Items from a data source:
------------------------------------------------------------

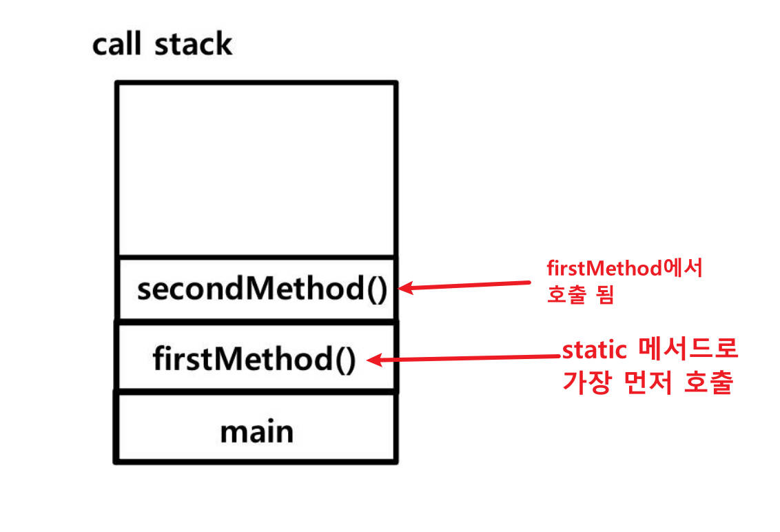 class CallStackTest{ public static void main(String[] args) { firstMethod(); } static void firstMethod() { secondMethod(); } static void secondMethod() { System.out.println("secondMethod()"); } }아래와 같이
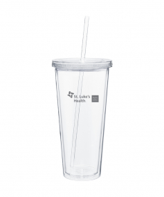 20 oz double wall acrylic tumbler with threaded lid and matching soft straw.
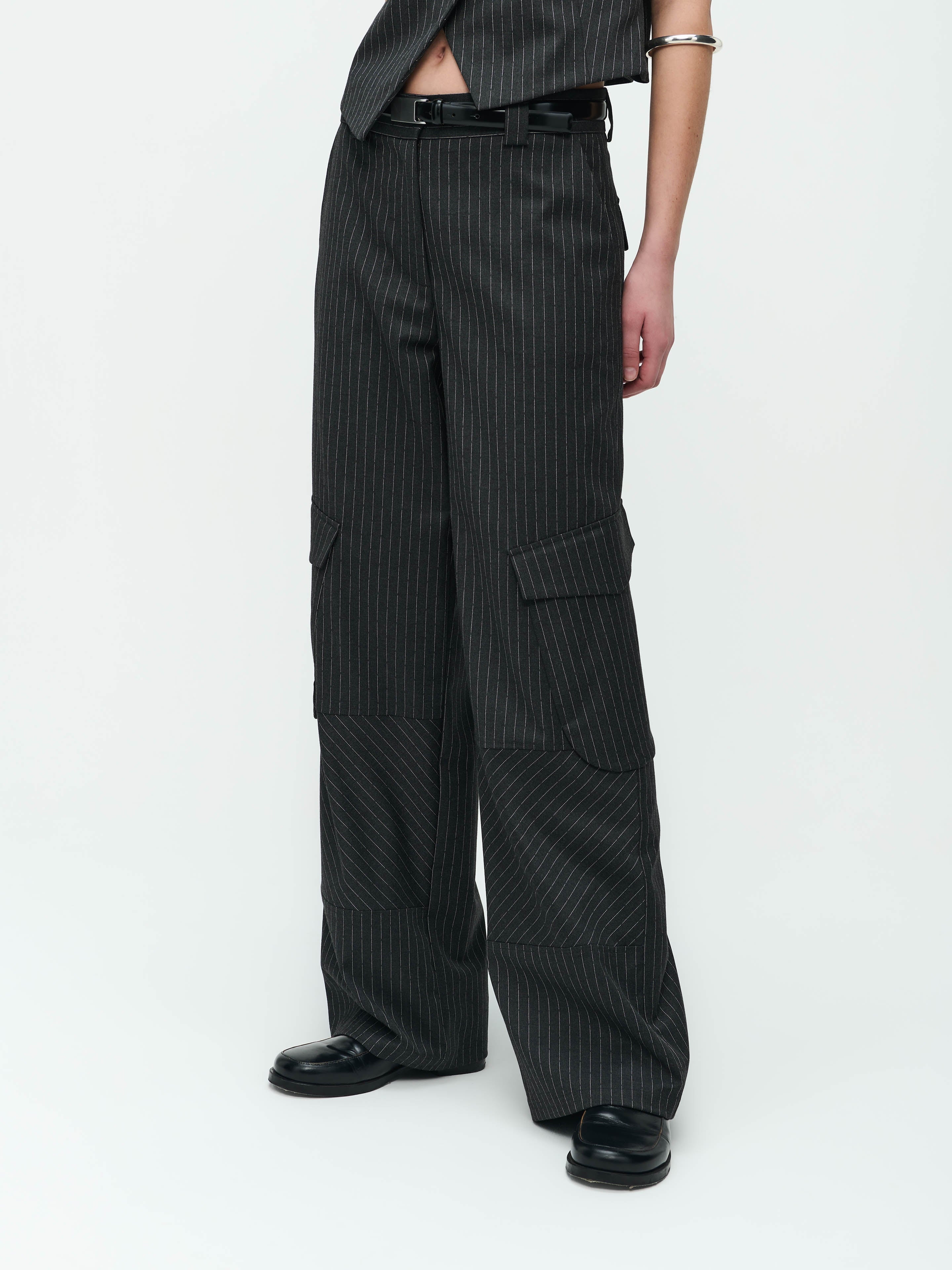 Trend Pants: Elevate your style with our poly viscose cargo pants, featuring a sleek line shiny structure for a touch of sophistication.
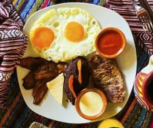 huevos al gusto, frijol, plátanos, queso y crema. Agrega longaniza por Q8.00
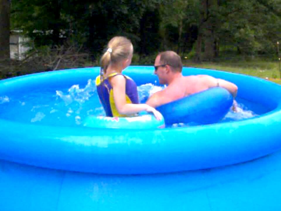 A man and his young daughter make waves in a pool and the man accidentally kicks her out of the pool.
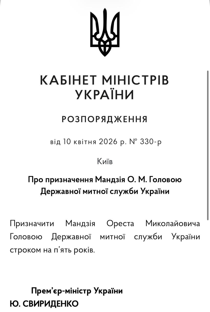 ️Тепер офіційно: розпорядження про призначення Ореста Мандзія Головою Державної митної служби зʼявилось на сайті Уряду

------------------------------------------------------------

__Goal of the exercise__
The answer must match the entries above line for line, with the pictures dropped.

__Answer to this exercise__
 class CallStackTest{ public static void main(String[] args) { firstMethod(); } static void firstMethod() { secondMethod(); } static void secondMethod() { System.out.println("secondMethod()"); } }아래와 같이
 20 oz double wall acrylic tumbler with threaded lid and matching soft straw.
 Trend Pants: Elevate your style with our poly viscose cargo pants, featuring a sleek line shiny structure for a touch of sophistication.
 huevos al gusto, frijol, plátanos, queso y crema. Agrega longaniza por Q8.00
 A man and his young daughter make waves in a pool and the man accidentally kicks her out of the pool.
 ️Тепер офіційно: розпорядження про призначення Ореста Мандзія Головою Державної митної служби зʼявилось на сайті Уряду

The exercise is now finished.